In the next two chapters Weber and Vedder
describe how Rwanda fell into the ethnic violence
that culminated in the 1994 massacre of 800,000
members of the Tutsi minority, followed by the
collapse of the government led by the Hutu
killers under a Tutsi onslaught from Uganda.
By 1992, Weber and Vedder explain, “The
language of day-to-day work and farming was
increasingly perverted in the cause of
death…Communal death squads ‘went to work in
the field.’ Their task was to ‘clear the brush.’
Their targets were the inyenzi, or Tutsi
‘cockroaches,’ and their ibyitso ‘collaborators’
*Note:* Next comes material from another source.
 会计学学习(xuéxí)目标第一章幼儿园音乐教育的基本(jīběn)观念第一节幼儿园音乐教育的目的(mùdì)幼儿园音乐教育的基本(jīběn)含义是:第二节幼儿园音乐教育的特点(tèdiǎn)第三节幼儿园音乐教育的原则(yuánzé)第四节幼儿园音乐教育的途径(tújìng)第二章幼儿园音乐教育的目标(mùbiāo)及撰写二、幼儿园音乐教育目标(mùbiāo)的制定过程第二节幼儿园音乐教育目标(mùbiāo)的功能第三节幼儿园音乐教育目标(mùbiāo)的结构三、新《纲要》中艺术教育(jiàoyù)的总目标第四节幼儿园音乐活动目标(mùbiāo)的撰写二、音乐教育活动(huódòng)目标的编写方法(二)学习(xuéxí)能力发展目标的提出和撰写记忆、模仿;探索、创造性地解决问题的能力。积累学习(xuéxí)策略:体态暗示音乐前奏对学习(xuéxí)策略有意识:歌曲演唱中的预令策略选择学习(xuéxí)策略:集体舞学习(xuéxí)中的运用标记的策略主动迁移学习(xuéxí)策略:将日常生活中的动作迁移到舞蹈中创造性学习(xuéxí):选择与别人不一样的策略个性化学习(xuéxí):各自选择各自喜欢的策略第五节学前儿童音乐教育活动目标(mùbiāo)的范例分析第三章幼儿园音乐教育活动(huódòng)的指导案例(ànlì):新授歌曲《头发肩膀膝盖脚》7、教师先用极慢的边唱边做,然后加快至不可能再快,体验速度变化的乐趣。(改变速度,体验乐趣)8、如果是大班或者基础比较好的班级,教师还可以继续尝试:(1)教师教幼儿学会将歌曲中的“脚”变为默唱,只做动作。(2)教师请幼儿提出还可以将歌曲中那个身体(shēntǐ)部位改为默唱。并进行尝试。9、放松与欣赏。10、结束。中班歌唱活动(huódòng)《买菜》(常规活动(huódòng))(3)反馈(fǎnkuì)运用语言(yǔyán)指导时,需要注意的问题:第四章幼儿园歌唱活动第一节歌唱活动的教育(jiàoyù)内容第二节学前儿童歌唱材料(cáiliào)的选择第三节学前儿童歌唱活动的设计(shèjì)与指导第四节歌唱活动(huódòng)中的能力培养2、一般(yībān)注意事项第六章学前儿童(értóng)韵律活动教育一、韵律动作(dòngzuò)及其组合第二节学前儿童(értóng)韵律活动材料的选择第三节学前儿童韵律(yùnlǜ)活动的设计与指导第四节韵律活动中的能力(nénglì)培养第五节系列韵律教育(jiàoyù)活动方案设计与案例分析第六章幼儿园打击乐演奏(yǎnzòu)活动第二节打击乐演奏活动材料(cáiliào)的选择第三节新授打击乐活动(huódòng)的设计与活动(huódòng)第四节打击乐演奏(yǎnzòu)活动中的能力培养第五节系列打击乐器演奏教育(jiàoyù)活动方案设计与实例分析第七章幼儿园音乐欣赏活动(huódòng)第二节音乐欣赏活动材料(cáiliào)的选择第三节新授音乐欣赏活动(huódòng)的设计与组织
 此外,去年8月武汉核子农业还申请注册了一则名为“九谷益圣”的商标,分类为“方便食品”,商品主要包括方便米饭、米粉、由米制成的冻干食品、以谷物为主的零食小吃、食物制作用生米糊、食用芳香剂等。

among the HutuŠWeapons were openly distributed to
these militias, but ammunition was in short
supply, so Hutu businessmen paid to import
enough machetes for every third Rwandan male.
There was much brush to cut.”
Weber and Vedder are not to blame for the
Rwandan genocide. Out of Rwanda when it erupted,
they did everything they could think of to try to
stop it, and to try to save some of the victims.
They were among the first Americans to return to
Rwanda following the bloodbath, to resume
teaching and healing humans as well as helping
gorillas.
Yet Weber and Vedder set their own
example of irrational intolerance. Rwanda
learned all too well the most brutal lessons that
Weber and Vedder inflicted on their sons.
It is unclear whether these lessons were
recounted unawares, or by way of confession.